ローズSは前々で運べて、道中の手応えも悪くなかったんだ。直線で伸びなかったのは、骨折による精神的な影響が残っていたのかもしれないですね。秋華賞はペースが流れたこともあり、しっかり折り合って運べたんだけど…。4角で挟まれて下がってしまったからね」

 いや、悲観していないどころか、むしろ、それまでの先行策から、位置取りが後ろにシフトした秋華賞での不利を受ける前までの走りに、確かな手応えをつかんでいた。だからこそ、前走の愛知杯でも控える競馬を選択して、4着まで押し上げる善戦につながったのだろう。そう、ターニングポイントになったのだ。

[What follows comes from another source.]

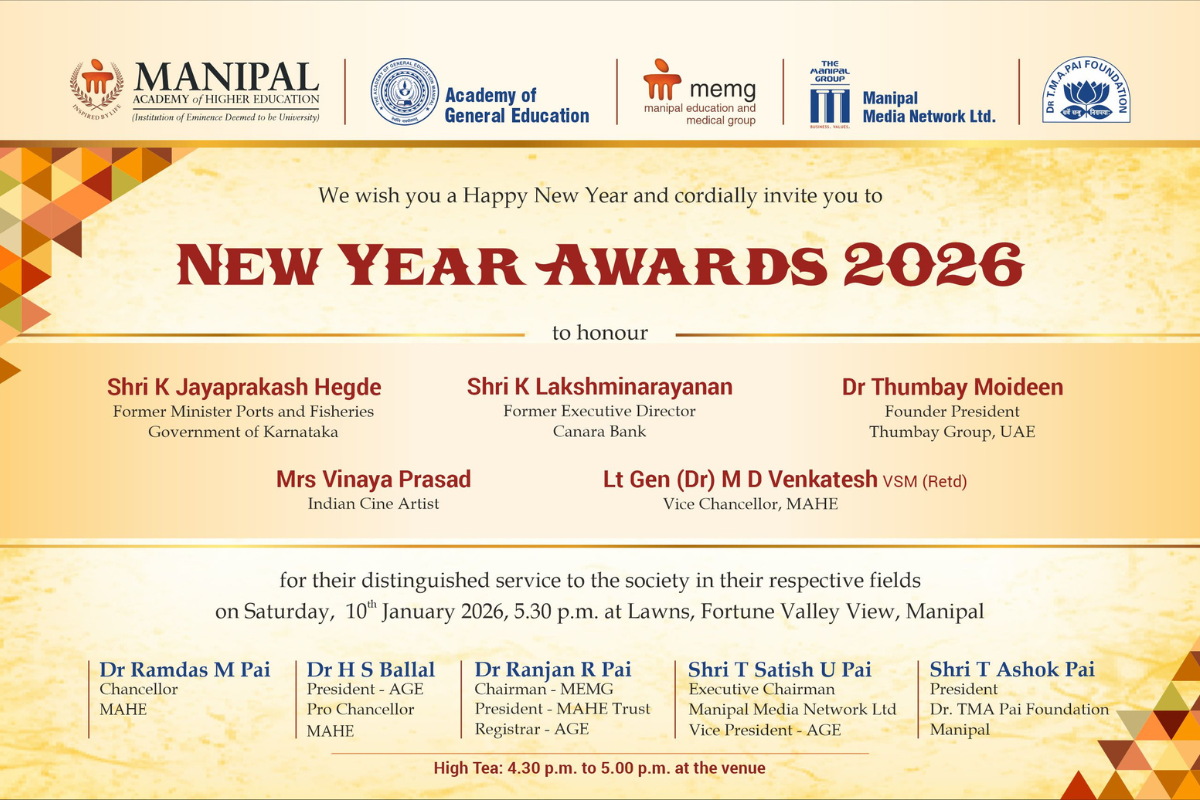 Academy of General Education, MAHE, MEMG and Manipal Media Network Ltd, Conducts “New Year Awards 2022” honouring eminent personalities for distinguished services

「(愛知杯は)前半1000メートルが58秒を切る速い流れのなか、後ろからしっかりと伸びてくれましたからね。道中リラックスして運べれば、きっちり末脚を使えることが分かったのは大きな収穫ですよね」

 もともと「オンとオフがハッキリしている馬で、スイッチが入った時の動きは本当に素晴らしい」とアブレイズの特徴を語る藤井。そのスイッチが入った時の走りを直線にもってこれれば、爆発的な脚を使うことができるのだろう。

 類いまれな能力に加え、自在性という新たな引き出しを手に入れたアブレイズ。重賞初制覇を飾った得意舞台で、今度は当時とはまったく違う走りを見せたうえで、完全復活を果たしてくれるのではなかろうか。